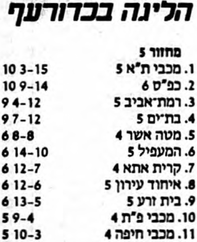 - עיתונות כדורעף/טבלאות ליגה
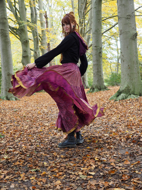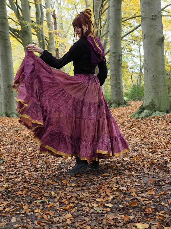 Zijden Gypsy rok Bizar gave vrouwelijke Gypsy, Bohemian kleurrijke rok gemaakt van Upcycled Sari Zijde. Ontzettend mooi! Door de lichtval is de kleur van de... Lees meer
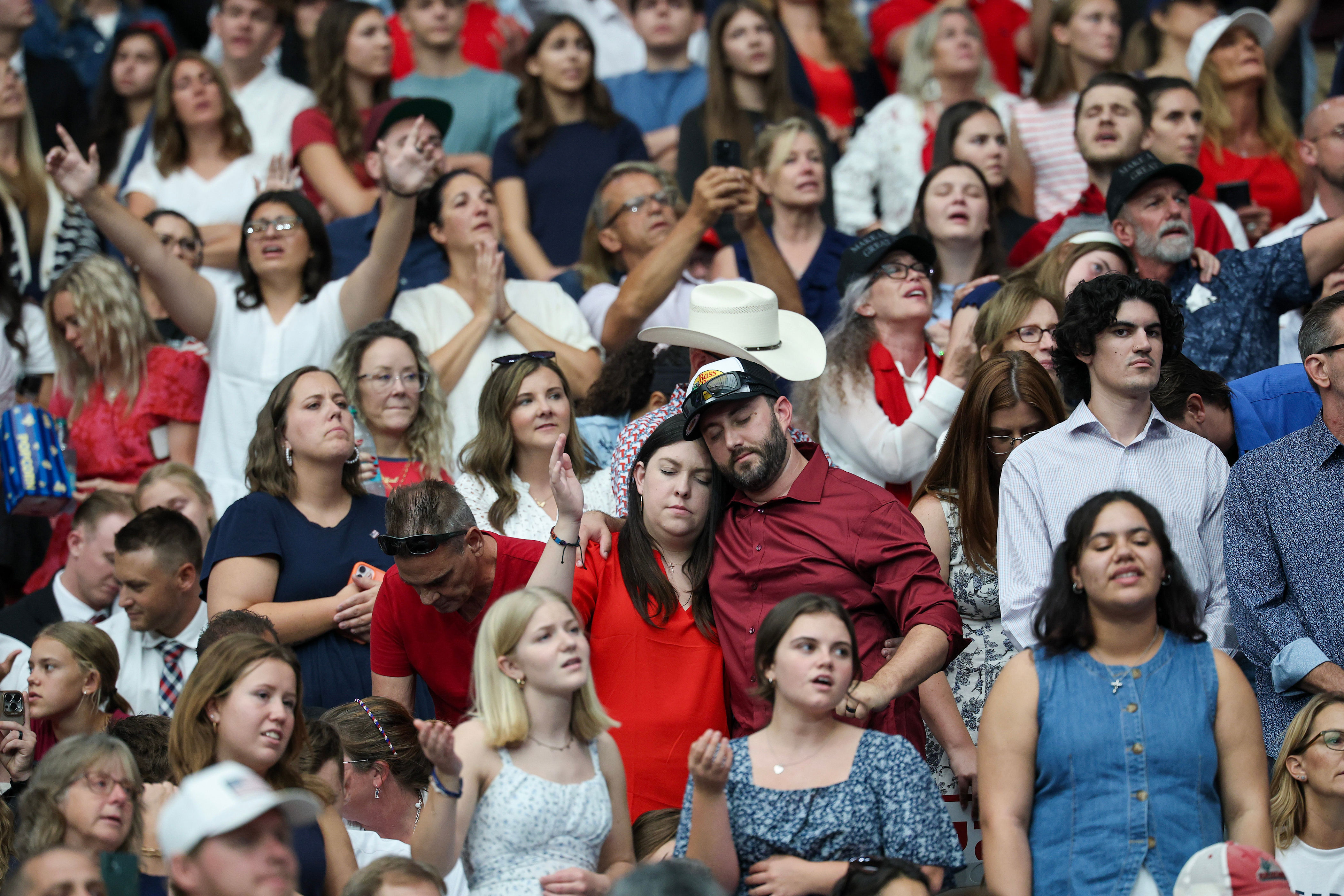 As the video, which urged listeners to “take up your cross and return to the battle,” concluded, the audience erupted in applause. A few moments later, they stood up for a standing ovation.

============================================================

## Problem to work on
Give an exact copy of the material, leaving out every picture.

## Solution below
 - עיתונות כדורעף/טבלאות ליגה
 Zijden Gypsy rok Bizar gave vrouwelijke Gypsy, Bohemian kleurrijke rok gemaakt van Upcycled Sari Zijde. Ontzettend mooi! Door de lichtval is de kleur van de... Lees meer
 As the video, which urged listeners to “take up your cross and return to the battle,” concluded, the audience erupted in applause. A few moments later, they stood up for a standing ovation.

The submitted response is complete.